Regina Liliʻi

Personal information
- Full name: Regina Sela Monika Liliʻi
- Born: 3 October 1986 (age 39) Apia, Samoa
- Batting: Right-handed
- Bowling: Right-arm medium
- Role: All-rounder

International information
- National side: Samoa (2019–2024);
- T20I debut (cap 5): 6 May 2019 v Fiji
- Last T20I: 19 Jan 2024 v Samoa

Domestic team information
- 2010/11–2016/17: Auckland
- 2017/18: Northern Districts
- 2018/19–2020/21: Auckland

Career statistics
| Competition | T20I | LA | WT20 |
| Matches | 17 | 75 | 86 |
| Runs scored | 434 | 656 | 697 |
| Batting average | 36.16 | 19.29 | 21.12 |
| 100s/50s | 0/1 | 0/2 | 0/1 |
| Top score | 51 | 63 | 51 |
| Balls bowled | 24 | 1874 | 675 |
| Wickets | 2 | 45 | 26 |
| Bowling average | 13.50 | 29.60 | 29.23 |
| 5 wickets in innings | 0 | 0 | 0 |
| 10 wickets in match | 0 | 0 | 0 |
| Best bowling | 1/11 | 4/16 | 3/26 |
| Catches/stumpings | 11/0 | 17/0 | 35/0 |

Medal record
Representing Samoa
Women's Cricket
Pacific Games
| Gold medal – first place | 2015 Port Moresby | 20 over cricket |
| Gold medal – first place | 2019 Apia | 20 over cricket |
- Source: CricketArchive, 15 July 2024

= Regina Lili'i =

Samoan cricketer

Regina Sela Monika Liliʻi (born 3 October 1986) is a Samoan cricketer who has played for Samoa, Auckland and Northern Districts.
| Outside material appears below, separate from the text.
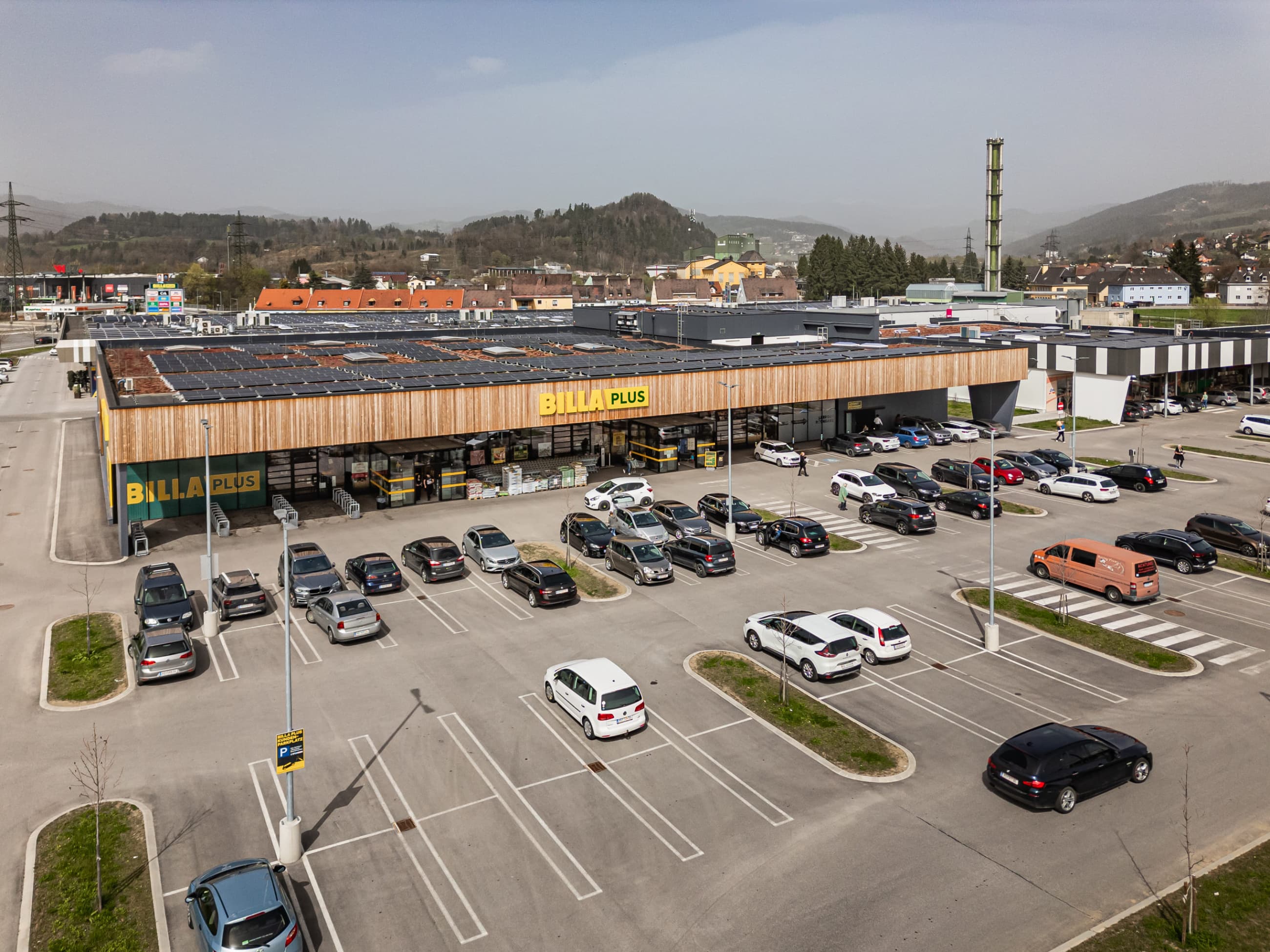 The VORUM Voitsberg project was built on the site of a former brown coal power plant that once separated the towns of Voitsberg and Bärnbach. The acquisition took place in three stages starting in 2021. Today, it consists of three buildings with a total leasable area of 13,096 m², which have become the town’s central shopping zone. The rooftops of the VORUM Voitsberg retail park are equipped with photovoltaic panels that significantly reduce its carbon footprint. The retail park also includes a modern BILLA Plus store with special glazing that reduces cooling energy consumption by up to 60%. Sustainability is further supported by the parking area, which offers several charging stations for electric vehicles.

She has also captained the New Zealand women's indoor cricket team, and was the first Pacific woman to lead the New Zealand side.

In May 2014, she was named as the player of the tournament in the East Asia Pacific Women's Cricket Trophy, and was part of Samoa's gold-winning team in the cricket tournament at the 2015 Pacific Games.

She captained Samoa's squad for the 2019 ICC Women's Qualifier East Asia-Pacific tournament, held in Vanuatu. She made her Twenty20 International (T20I) debut for Samoa against Fiji in the tournament on 6 May 2019. She finished as the leading run-scorer in the tournament, with 153 runs in five matches.